XGBOOST: sample_Weights vs scale_pos_weight

mamafoku picture mamafoku · Jan 3, 2018 · Viewed 8.9k times · Source

I have a highly unbalanced dataset and am wondering where to account for the weights, and thus am trying to comprehend the difference between scale_pos_weight argument in XGBClassifier and the sample_weight parameter of the fit method. Would appreciate an intuitive explanation of the difference between the two, if they can be used simultaneously or how either approach is selected.

The documentation indicates that scale_pos_weight:

control the balance of positive and negative weights..& typical value to consider: sum(negative cases) / sum(positive cases)

Example:

from xgboost import XGBClassifier
import xgboost as xgb
LR=0.1
NumTrees=1000
xgbmodel=XGBClassifier(booster='gbtree',seed=0,nthread=-1,
                       gamma=0,scale_pos_weight=14,learning_rate=LR,n_estimators=NumTrees,
                      max_depth=5,objective='binary:logistic',subsample=1)
xgbmodel.fit(X_train, y_train)

OR

from xgboost import XGBClassifier
import xgboost as xgb
LR=0.1
NumTrees=1000
xgbmodel=XGBClassifier(booster='gbtree',seed=0,nthread=-1,
                       gamma=0,learning_rate=LR,n_estimators=NumTrees,
                      max_depth=5,objective='binary:logistic',subsample=1)
xgbmodel.fit(X_train, y_train,sample_weight=weights_train)

Answer

Milad Shahidi picture Milad Shahidi · Sep 5, 2018

The sample_weight parameter allows you to specify a different weight for each training example. The scale_pos_weight parameter lets you provide a weight for an entire class of examples ("positive" class).

These correspond to two different approaches to cost-sensitive learning.
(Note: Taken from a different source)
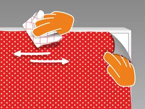 Diese Anleitung ist nur zur Verklebung auf nass abwischbaren Untergründen gedacht. Bitte ziehe für das Aufbringen größerer Flächen gegebenenfalls eine zweite Person als Hilfe hinzu.
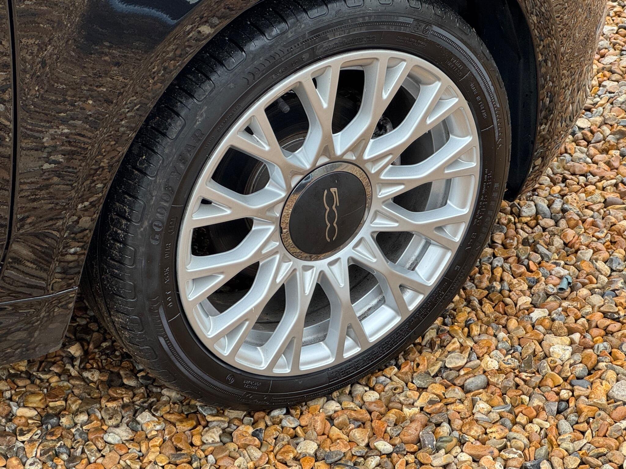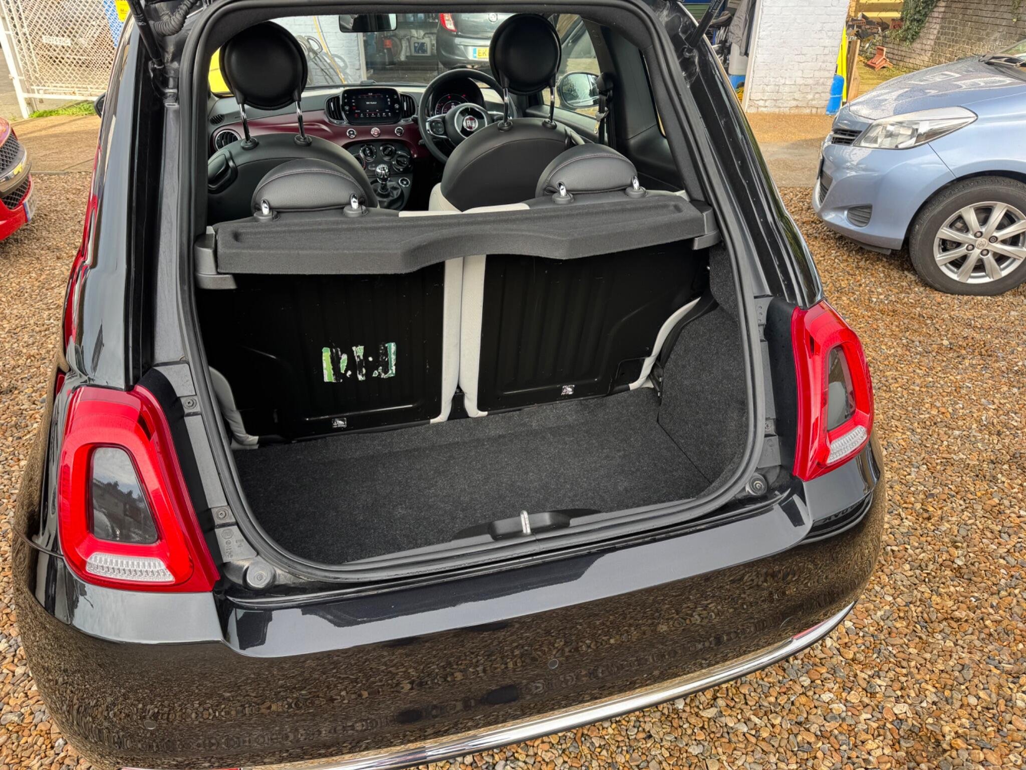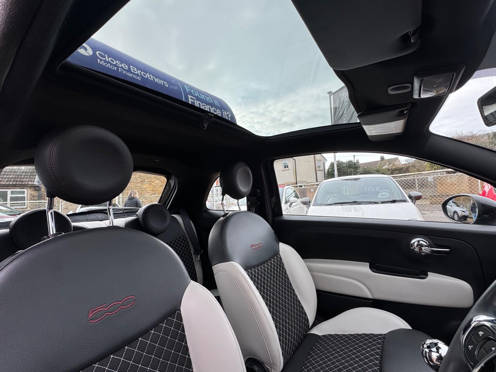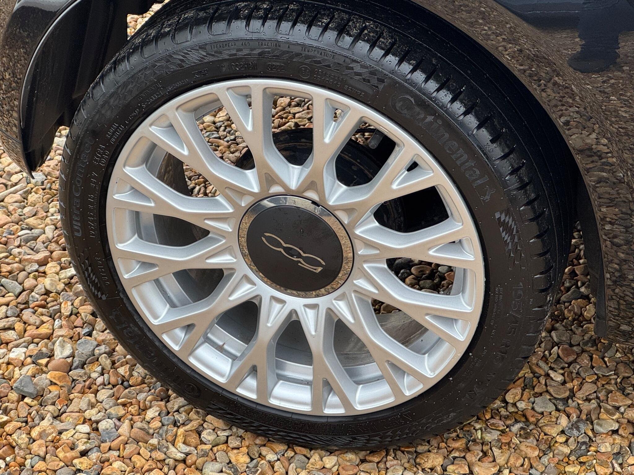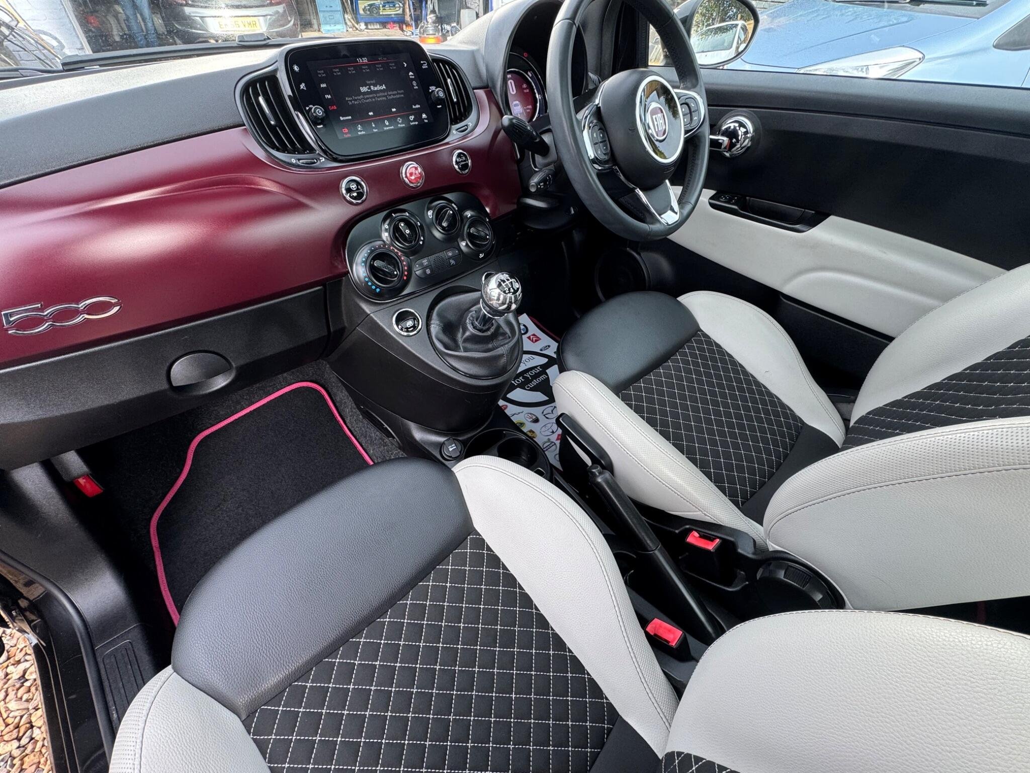 Euro 6 compliant 1.2 litre petrol engine, ensuring it meets current emission standards. Inside, you'll find a sophisticated Black Ivory leather interior with an Ivory ambience, complemented by a leather gear knob. The Star trim also includes a Style Pack, enhancing its already appealing design. For convenience, this Fiat 500 is equipped with rain and dusk sensors that automatically activate the headlights, and seamless connectivity through Apple CarPlay and Android Auto.

If you believe that the cost of misclassifying positive examples (missing a cancer patient) is the same for all positive examples (but more than misclassifying negative ones, e.g. telling someone they have cancer when they actually don't) then you can specify one single weight for all positive examples via scale_pos_weight.

XGBoost treats labels = 1 as the "positive" class. This is evident from the following piece of code:

if (info.labels[i] == 1.0f) w *= param_.scale_pos_weight

See this question.

The other scenario is where you have example-dependent costs. One example is detecting fraudulent transactions. Not only a false negative (missing a fraudulent transaction) is more costly than a false positive (blocking a legal transaction), but the cost of missing a false negative is proportional to the amount of money being stolen. So you want to give larger weights to positive (fraudulent) examples with higher amounts. In this case, you can use the sample_weight parameter to specify example-specific weights.